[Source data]

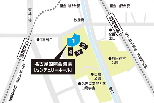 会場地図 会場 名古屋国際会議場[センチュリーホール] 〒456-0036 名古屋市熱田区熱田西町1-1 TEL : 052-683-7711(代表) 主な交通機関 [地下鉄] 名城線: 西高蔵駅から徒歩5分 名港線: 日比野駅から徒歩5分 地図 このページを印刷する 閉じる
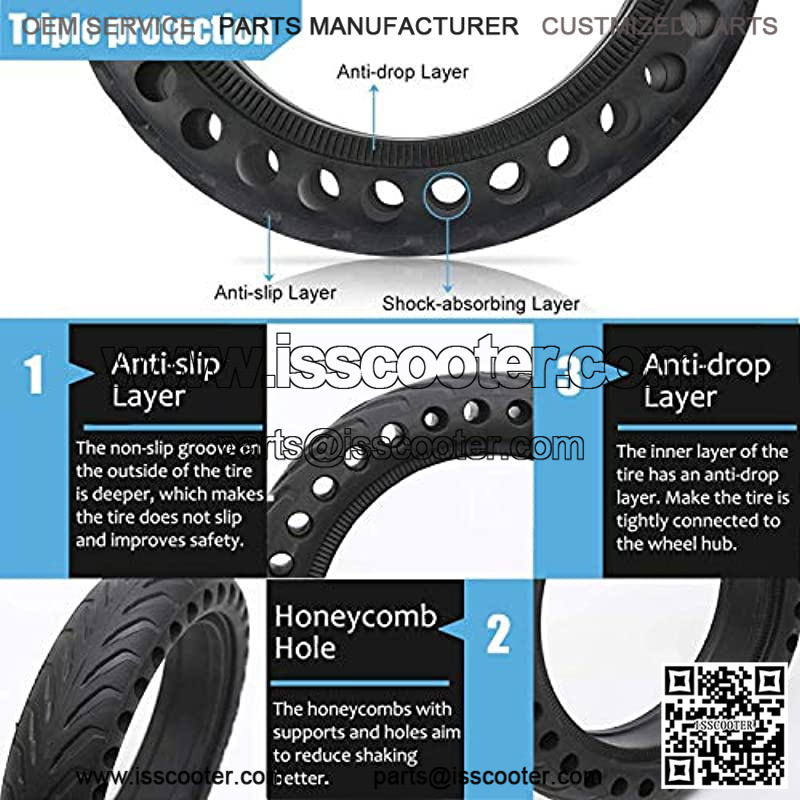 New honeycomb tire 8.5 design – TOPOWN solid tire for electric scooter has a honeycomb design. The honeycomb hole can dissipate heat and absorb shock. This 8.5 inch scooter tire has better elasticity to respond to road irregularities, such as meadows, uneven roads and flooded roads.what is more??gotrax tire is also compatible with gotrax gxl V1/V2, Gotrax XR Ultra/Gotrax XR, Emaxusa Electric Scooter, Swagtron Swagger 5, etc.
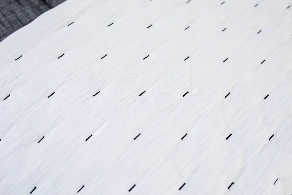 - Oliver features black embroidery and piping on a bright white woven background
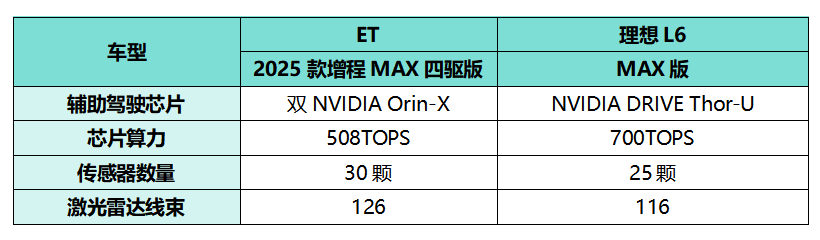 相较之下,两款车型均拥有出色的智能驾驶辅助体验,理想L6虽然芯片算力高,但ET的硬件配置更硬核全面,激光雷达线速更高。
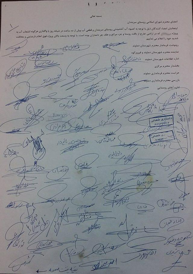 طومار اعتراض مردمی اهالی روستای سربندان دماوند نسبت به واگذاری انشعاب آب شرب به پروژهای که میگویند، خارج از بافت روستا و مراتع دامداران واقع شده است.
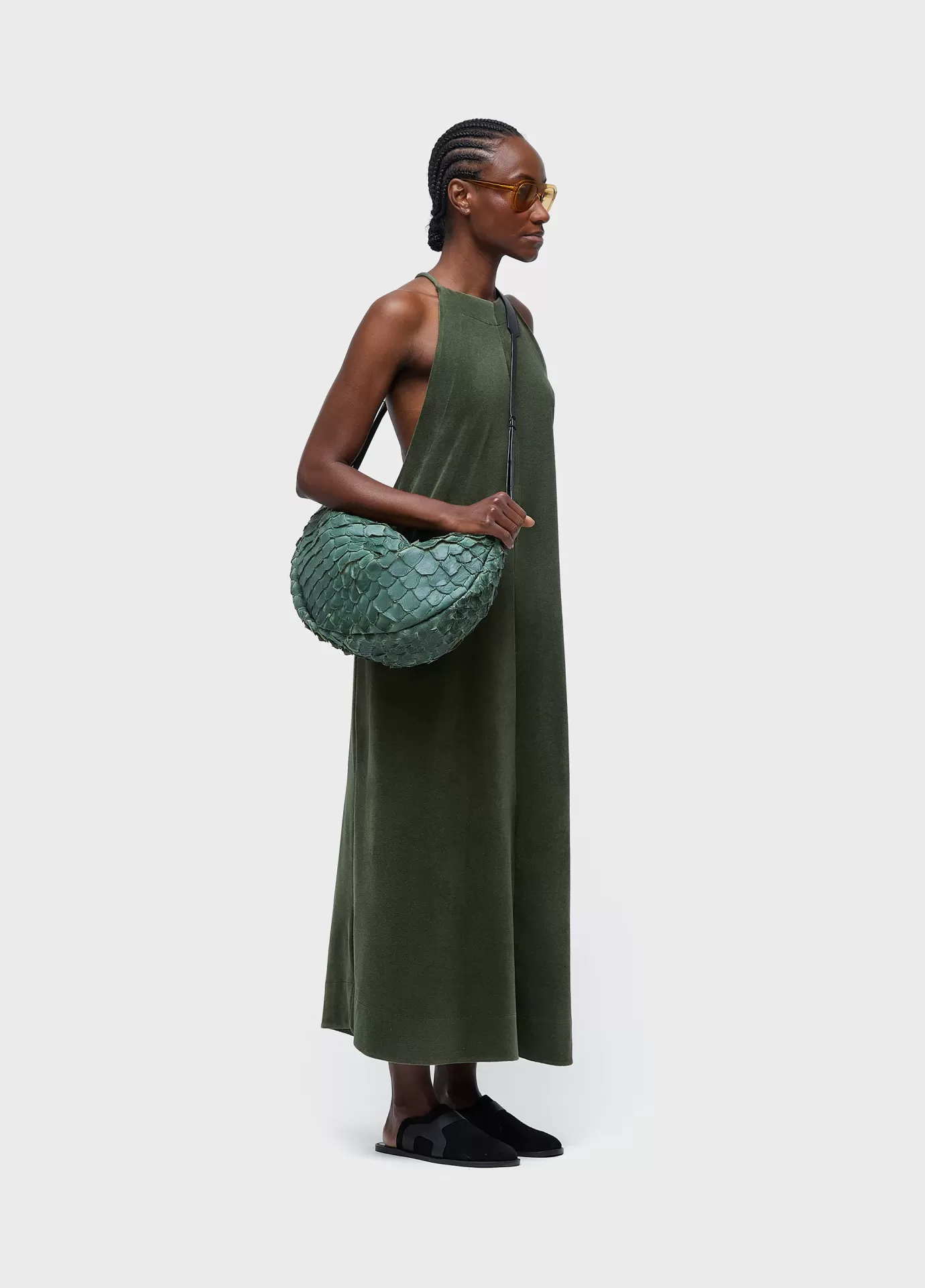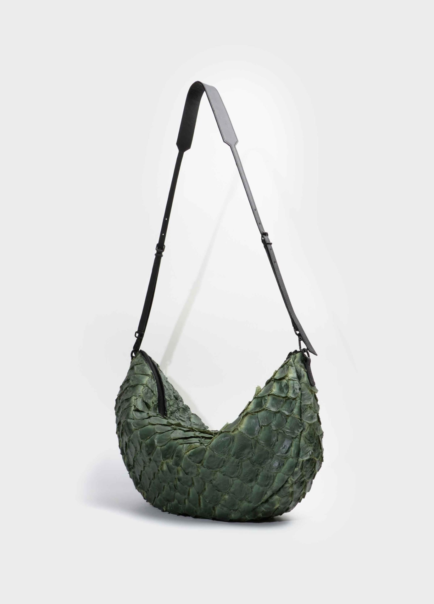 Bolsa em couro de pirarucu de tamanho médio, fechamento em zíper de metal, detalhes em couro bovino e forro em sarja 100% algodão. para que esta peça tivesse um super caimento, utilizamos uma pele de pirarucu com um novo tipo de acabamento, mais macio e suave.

[Problem statement]
Repeat the lines exactly, starting with the line that contains "New honeycomb tire" and ending with the last line of the entries. Keep both of those lines but no pictures.

[Exercise output]
 New honeycomb tire 8.5 design – TOPOWN solid tire for electric scooter has a honeycomb design. The honeycomb hole can dissipate heat and absorb shock. This 8.5 inch scooter tire has better elasticity to respond to road irregularities, such as meadows, uneven roads and flooded roads.what is more??gotrax tire is also compatible with gotrax gxl V1/V2, Gotrax XR Ultra/Gotrax XR, Emaxusa Electric Scooter, Swagtron Swagger 5, etc.
 - Oliver features black embroidery and piping on a bright white woven background
 相较之下,两款车型均拥有出色的智能驾驶辅助体验,理想L6虽然芯片算力高,但ET的硬件配置更硬核全面,激光雷达线速更高。
 طومار اعتراض مردمی اهالی روستای سربندان دماوند نسبت به واگذاری انشعاب آب شرب به پروژهای که میگویند، خارج از بافت روستا و مراتع دامداران واقع شده است.
 Bolsa em couro de pirarucu de tamanho médio, fechamento em zíper de metal, detalhes em couro bovino e forro em sarja 100% algodão. para que esta peça tivesse um super caimento, utilizamos uma pele de pirarucu com um novo tipo de acabamento, mais macio e suave.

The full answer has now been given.